EXERCISE PROMPT
Could you copy the records below exactly, leaving out any pictures?

EXERCISE INPUT
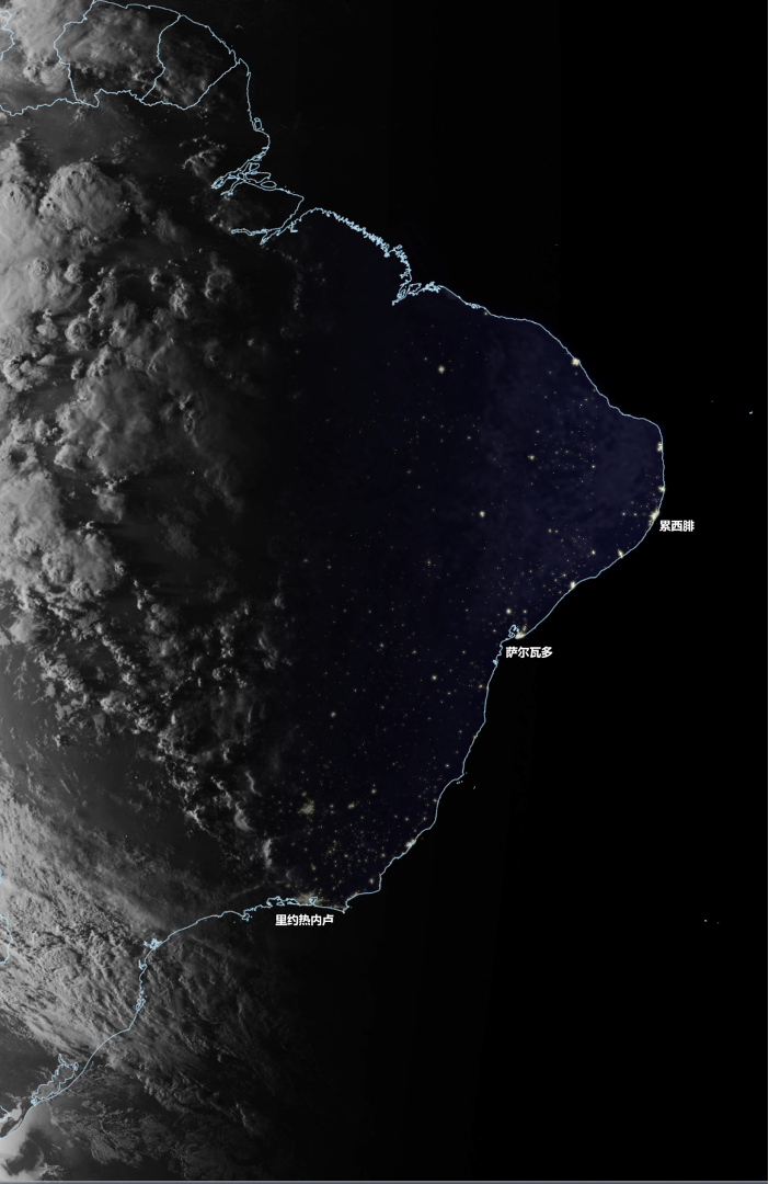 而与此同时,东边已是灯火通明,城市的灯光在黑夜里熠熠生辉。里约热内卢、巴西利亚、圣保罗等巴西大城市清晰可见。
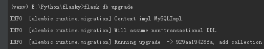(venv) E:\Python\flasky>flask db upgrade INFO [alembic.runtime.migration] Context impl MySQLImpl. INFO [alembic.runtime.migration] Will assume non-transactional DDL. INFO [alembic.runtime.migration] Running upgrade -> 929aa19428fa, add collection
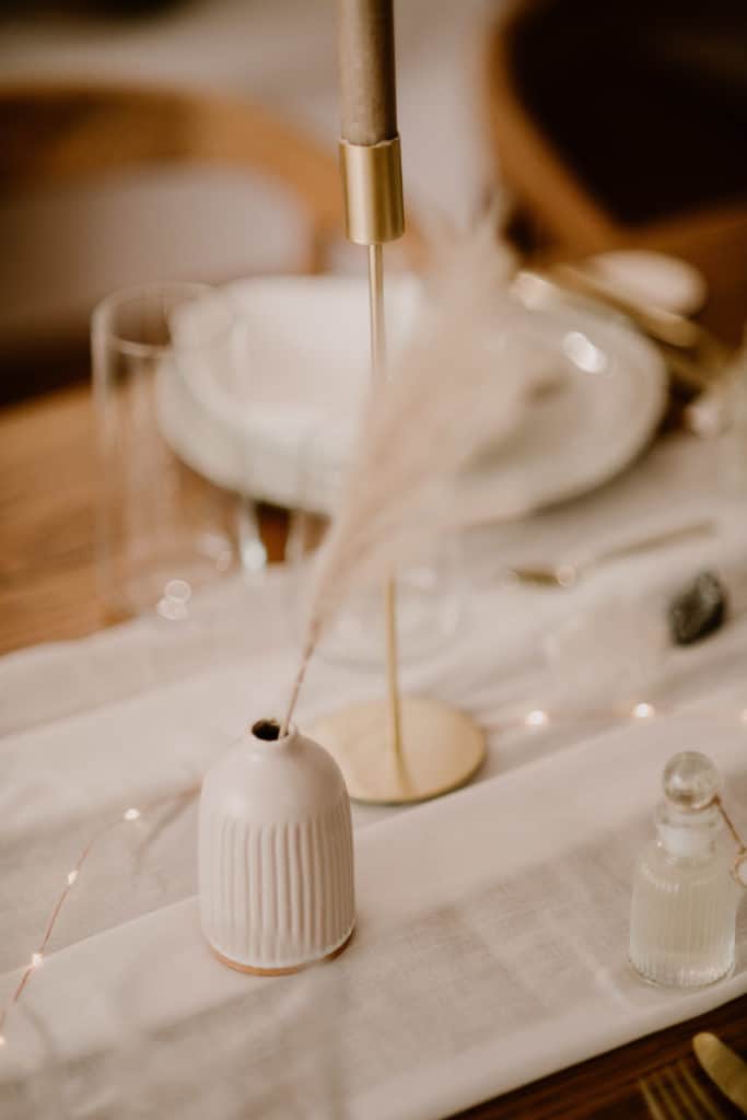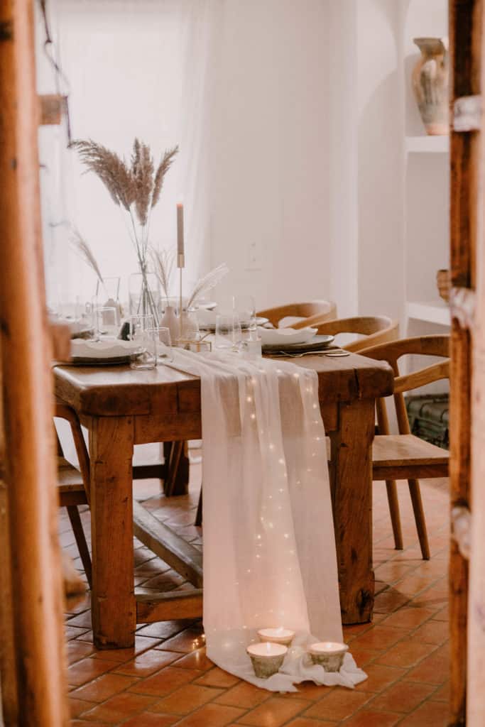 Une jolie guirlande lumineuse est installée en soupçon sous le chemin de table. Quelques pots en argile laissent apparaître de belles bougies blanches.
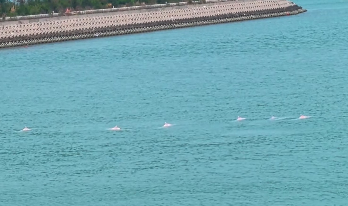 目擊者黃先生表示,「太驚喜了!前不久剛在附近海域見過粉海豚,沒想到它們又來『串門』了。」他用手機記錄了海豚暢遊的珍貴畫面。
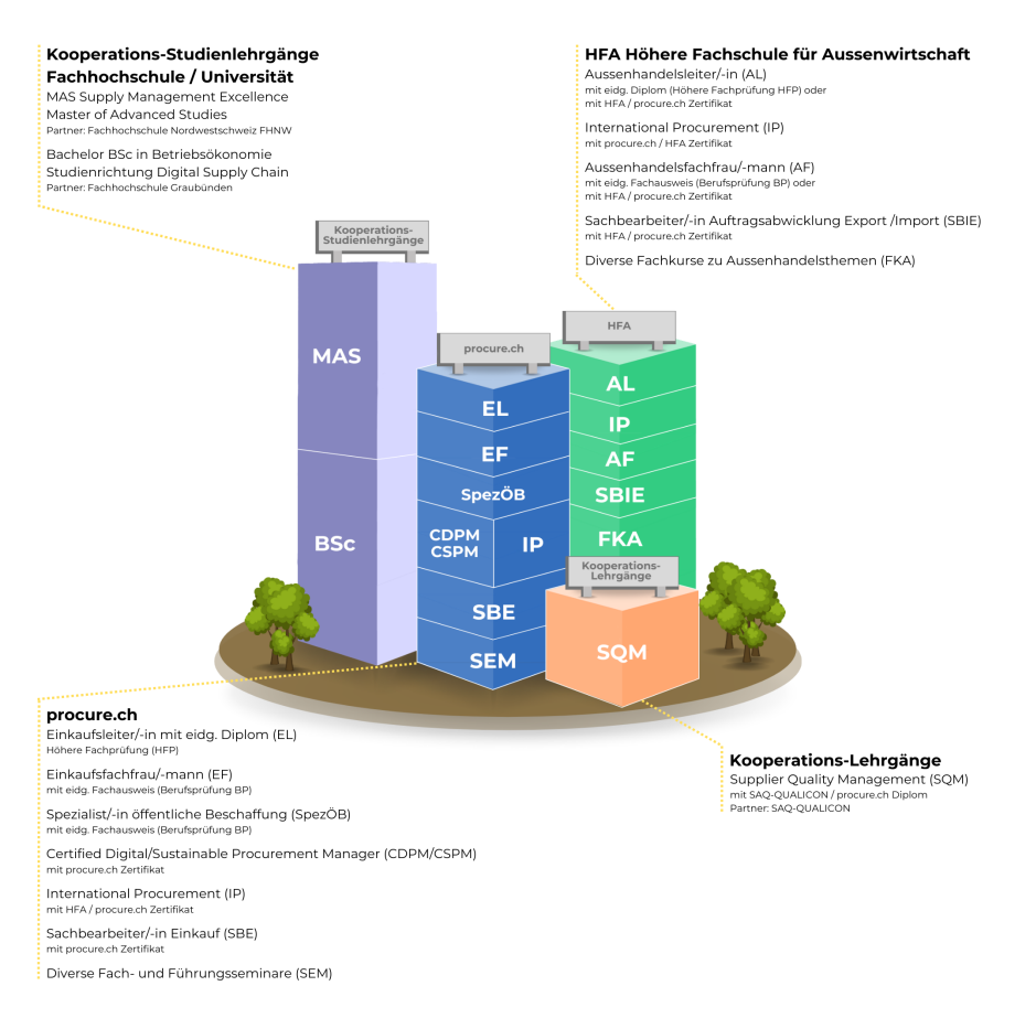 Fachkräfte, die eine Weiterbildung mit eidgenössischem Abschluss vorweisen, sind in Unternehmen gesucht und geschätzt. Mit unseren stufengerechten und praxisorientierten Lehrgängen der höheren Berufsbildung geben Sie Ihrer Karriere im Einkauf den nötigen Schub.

RESPONSE TO THE TASK
 而与此同时,东边已是灯火通明,城市的灯光在黑夜里熠熠生辉。里约热内卢、巴西利亚、圣保罗等巴西大城市清晰可见。
(venv) E:\Python\flasky>flask db upgrade INFO [alembic.runtime.migration] Context impl MySQLImpl. INFO [alembic.runtime.migration] Will assume non-transactional DDL. INFO [alembic.runtime.migration] Running upgrade -> 929aa19428fa, add collection
 Une jolie guirlande lumineuse est installée en soupçon sous le chemin de table. Quelques pots en argile laissent apparaître de belles bougies blanches.
 目擊者黃先生表示,「太驚喜了!前不久剛在附近海域見過粉海豚,沒想到它們又來『串門』了。」他用手機記錄了海豚暢遊的珍貴畫面。
 Fachkräfte, die eine Weiterbildung mit eidgenössischem Abschluss vorweisen, sind in Unternehmen gesucht und geschätzt. Mit unseren stufengerechten und praxisorientierten Lehrgängen der höheren Berufsbildung geben Sie Ihrer Karriere im Einkauf den nötigen Schub.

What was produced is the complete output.